He landed on the moon, but couldn't work a British pay phone
The deal Dan Wooding made with Apollo 15 astronaut James Irwin to get an interview with him
By Dan Wooding, Founder of ASSIST Ministries, July 15, 2009

James Irwin of Apollo 15

LONDON, UK (ANS) -- We are fast approaching the 40th anniversary of the Apollo 11 mission, which was the first manned mission to land on the moon.

Launched on July 16, 1969, it carried Mission Commander Neil Alden Armstrong, Command Module Pilot Michael Collins and Lunar Module Pilot Edwin Eugene "Buzz" Aldrin, Jr. On July 20, Armstrong and Aldrin became the first humans to walk on the moon, while Collins orbited above.

The mission fulfilled President John F. Kennedy's goal of reaching the moon by the end of the 1960s, which he expressed during a speech given before a joint session of Congress on May 25, 1961 when he said: "I believe that this nation should commit itself to achieving the goal, before this decade is out, of landing a man on the Moon and returning him safely to the Earth."

This moon landing anniversary got my mind thinking back to a rather unusual meeting I had with Astronaut James Irwin, who served as lunar module pilot for Apollo 15, from July 26 to August 7, 1971, and he walked on the moon, but couldn't figure out how to work a British pay phone.

And that was how I managed to secure an interview with Irwin a couple of years after his epic moon walk.

The BBC had asked me to go to the Hilton Hotel in Park Lane, London, England, to try and interview Irwin, but because of a traffic snarl, I arrived well after his press conference had ended.

When I approached him, my BBC tape recorder in hand, he told me, "I'm sorry, but I'm not giving anymore interviews."

However, like any journalist worth his salt, I decided that was not the end of the story, so I followed him across the lobby of the Hilton Hotel and watched him, confusion written over his face, trying to work out how to make a call on a British pay phone.

The deal...
After a few minutes, I approached him again and said, "Mr. Irwin, I'll make a deal with you. I'll make the call for you if, in return, you will give me an interview."

A wry smile came over his face and he handed me some coins, gave me the number he was trying to connect with and I did the rest.

Astronaut James Irwin uses scoop to
sample lunar soil. Photograph taken on
August 2, 1971 during Apollo 15

I then retreated so he could talk to the person on the other end of the line in privacy and then, when he had finished, he came over to me and said, "I guess, young man, you've earned the interview."

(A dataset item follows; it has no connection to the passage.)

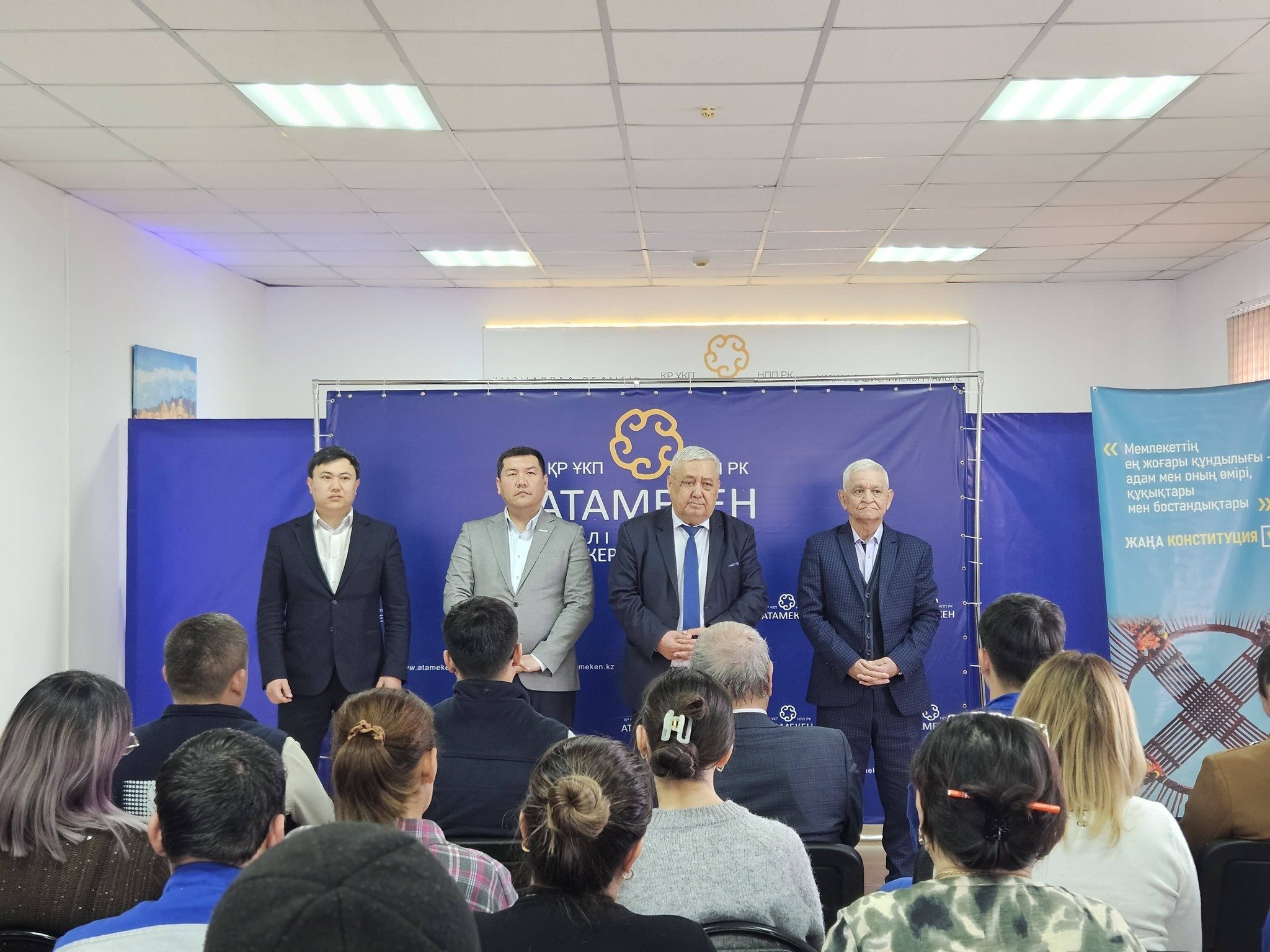 «Әділетті және Прогрессивті Қазақстанның Халықтық Конституциясы үшін!» коалициясының аумақтық мүшелері Өркен Исмаил, Қабілеш Бекішев, Абдумомын Алдияров, Біржан Өтебай, Азамат Қали және Бекзатхан Бауыржанұлы аудандық газ тарату мекемесінің қызметкерлерімен кездесу өткізді.

Irwin laughed and added, "Can you believe it? I landed on the moon, but couldn't work one of your pay phones!"

Irwin, a born-again Christian, then gave me a fascinating interview in which he said, "It is more significant that God walked on earth than that man walked on the moon..my own life is given purpose and perspective through God who walks on this earth in Jesus. In that sense we are a visited planet!"

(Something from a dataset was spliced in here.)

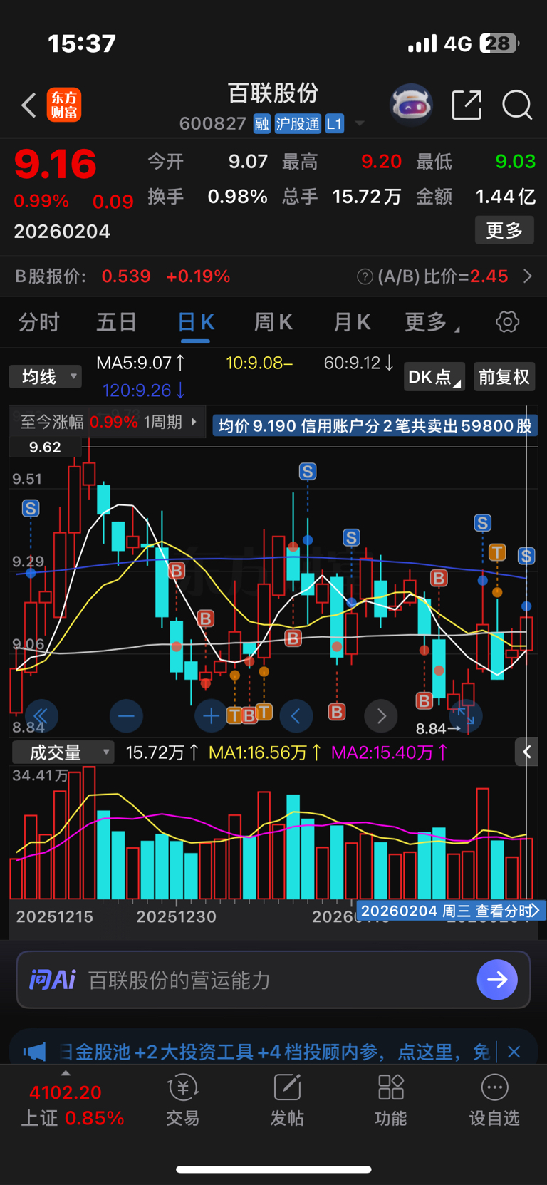 $百联股份(SH600827)$ 叫嚣要吃掉我的筹码,我盘中疯狂艾特他告诉他我挂9.19,我以为他真有这个实力呢,谁知道是来搞笑的,我挂9.19只成交了几十个W,也不知道是不是他买的,天天就装就吹,一点实力没有@柏连夜叔

He went on to say, "It was my experience in exploring the moon on the Apollo 15 mission that moved me to devote the rest of my life to spreading the good news of Jesus Christ."

His companions on the moon flight were David R. Scott, spacecraft commander and Alfred M. Worden, the command module pilot and Apollo 15 was the fourth manned lunar landing mission and the first to visit and explore the moon's Hadley Rille and Apennine Mountains which are located on the southeast edge of the Mare Imbrium (Sea of Rains).

Their lunar module, "Falcon," remained on the lunar surface for 66 hours, 54 minutes-setting a new record for lunar surface stay time -- and Scott and Irwin logged 18 hours and 35 minutes each in extravehicular activities conducted during three separate excursions onto the lunar surface. Using "Rover-l" to transport themselves and their equipment along portions of Hadley Rille and the Apinnine Mountains, Scott and Irwin performed a selenological (lunar science) inspection and survey of the area and collected approximately 180 pounds of lunar surface materials.

He even showed me a piece of moon rock that he was carrying with him.

Irwin had by now became the founding president of the High Flight Foundation, an inter-denominational evangelical organization based in Colorado Springs, and he said, "I felt the power of God as I've never felt it before.

"While on the moon, at the end of the first day exploring the rugged lunar highlands, I was reminded of my favorite Biblical passage from Psalms. While speaking by radio to Mission Control in Houston, I began quoting the passage, 'I'll look into the hills from whence cometh my help,' and then I added quickly, 'but, of course, we get quite a bit of help from Houston, too."

And, on this occasion, Irwin, who sadly died of a heart attack in Glenwood City, Colorado, on August 8, 1991, "looked" to a British journalist to get some help in operating a British pay phone.